[YOUR GOAL]:
Line by line, repeat the data below exactly, beginning at the first line and ending at the line with "To make it, you". Omit pictures.

[MATERIAL SHOWN]:
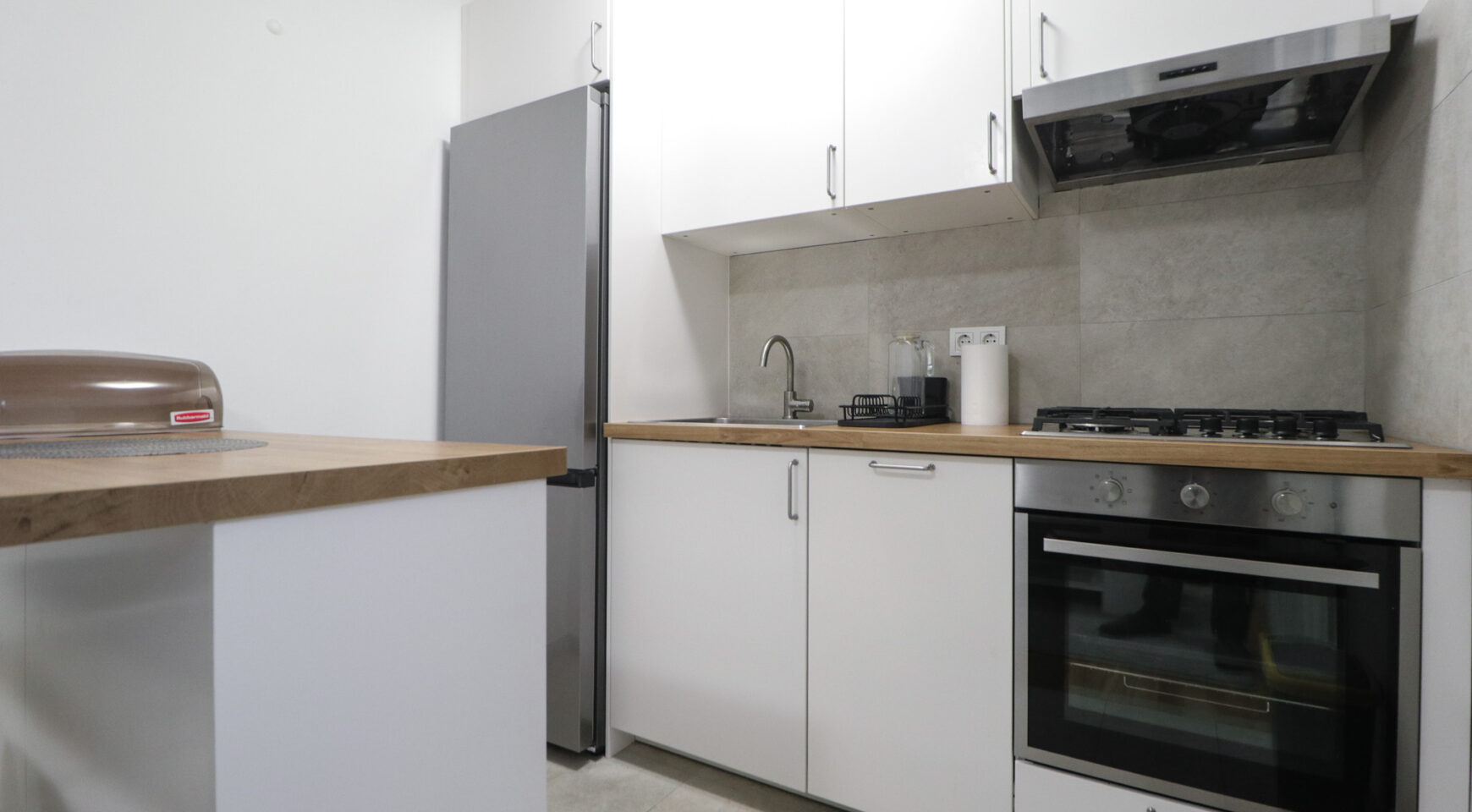 U cijelosti je namješten i opremljen perilicom posuđa, perilicom rublja, Samsung hladnjakom sa zamrzivačem, pećnicom, štednjakom, napom, Smart TV-om, optičkim internetom, smart lock i sigurnosnim sistemom na ulazu, termostatom, tuš kabinom, toaletom, bideom, PVC stolarijom, kaučem, krevetima dimenzija 140 cm, trokrilnim ormarima u sobama, noćni ormarićima, radnim stolovima itd.
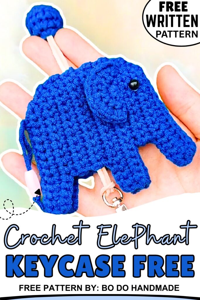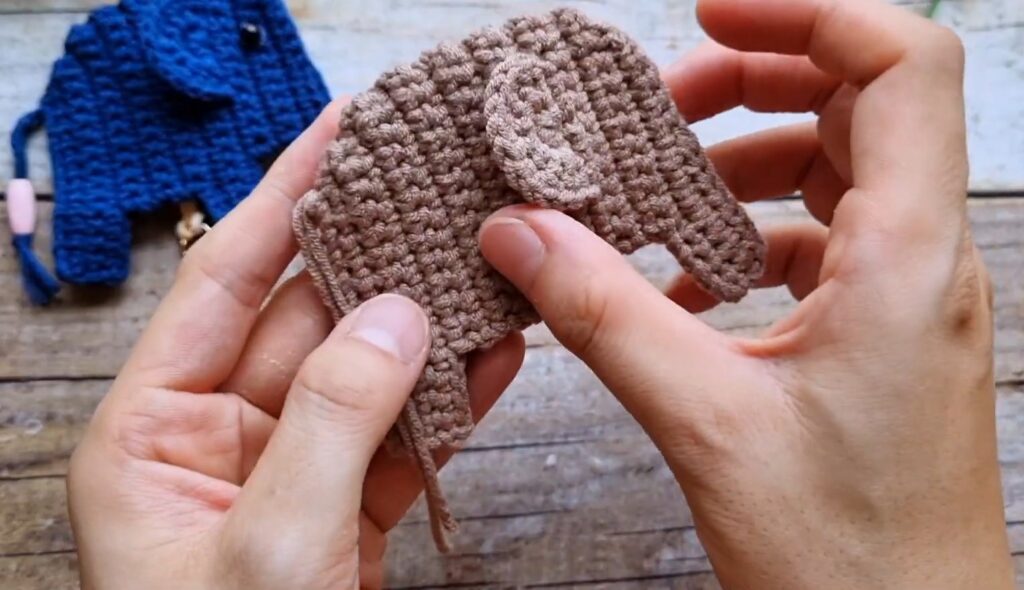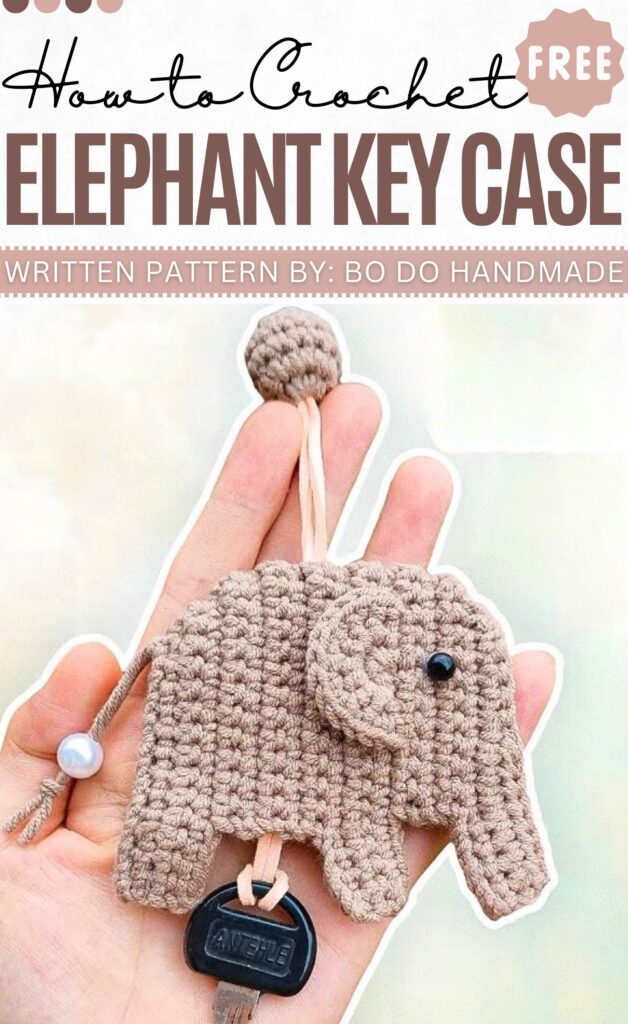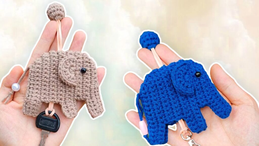 To make it, you crochet two flat elephant shapes and sew them together, leaving the bottom open. You then make two small ears and a little round cap. Finally, you pull a string through the top, attach your keys, and add eyes to finish.
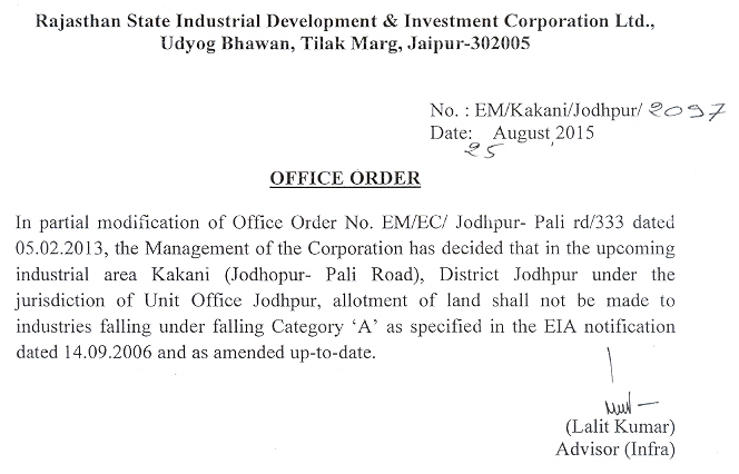 EIA Notification of Industrial areas Borawas-Kalawa & Devka, distt. Barmer |
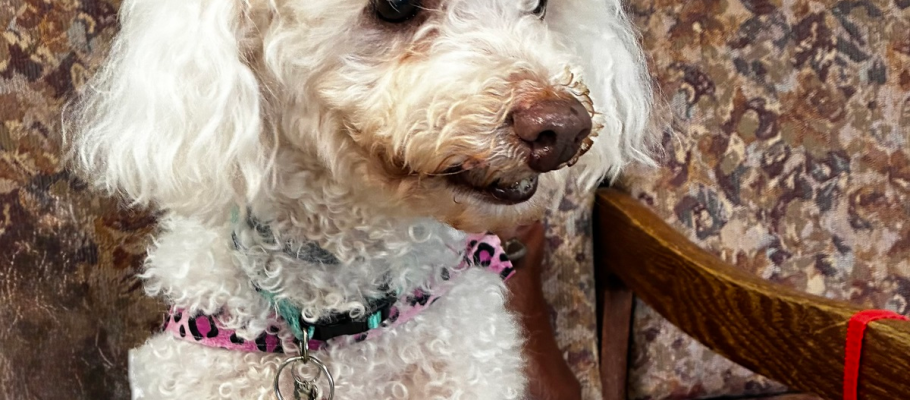 Tinkerbell is a 14 year old Maltese Poodle mix whose elderly owner reached out desperate for help as they were about to undergo major surgery and had no one to care for Tinkerbell. Tinkerbell has some health issues of her own, experiencing frequent and seemingly uncontrollable urination. We are happy to be able to step in and give this girl the care she needs.
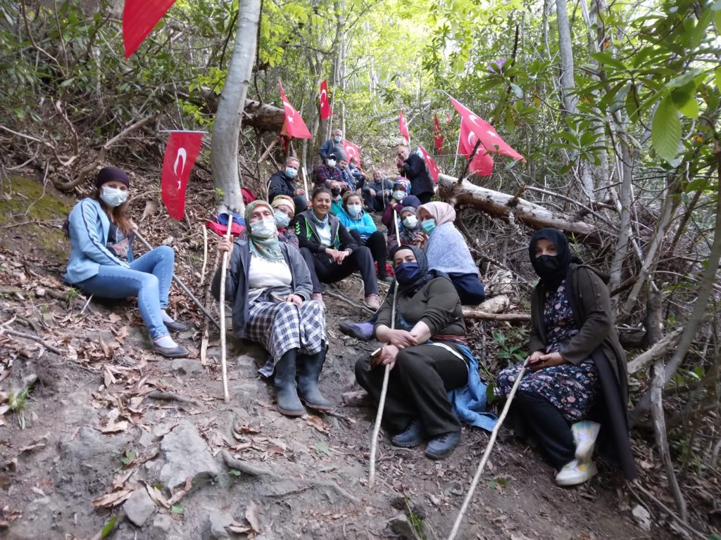 Rize’de İşkencedere Vadisi’nde çalışan iş makinelerine engel olmak isteyen köylüler, sabahın erken saatlerinde alana gitti. Jandarma yolları kapattığı için çalışma yapılan bölgeye ancak ormanın içinden geçerek varabilen köylüler, iş makinesinin önünde bulunan ağaçlara Türk bayrağı asarak direnişe geçti.

[OUTPUT FOR THIS EXERCISE]:
 U cijelosti je namješten i opremljen perilicom posuđa, perilicom rublja, Samsung hladnjakom sa zamrzivačem, pećnicom, štednjakom, napom, Smart TV-om, optičkim internetom, smart lock i sigurnosnim sistemom na ulazu, termostatom, tuš kabinom, toaletom, bideom, PVC stolarijom, kaučem, krevetima dimenzija 140 cm, trokrilnim ormarima u sobama, noćni ormarićima, radnim stolovima itd.
 To make it, you crochet two flat elephant shapes and sew them together, leaving the bottom open. You then make two small ears and a little round cap. Finally, you pull a string through the top, attach your keys, and add eyes to finish.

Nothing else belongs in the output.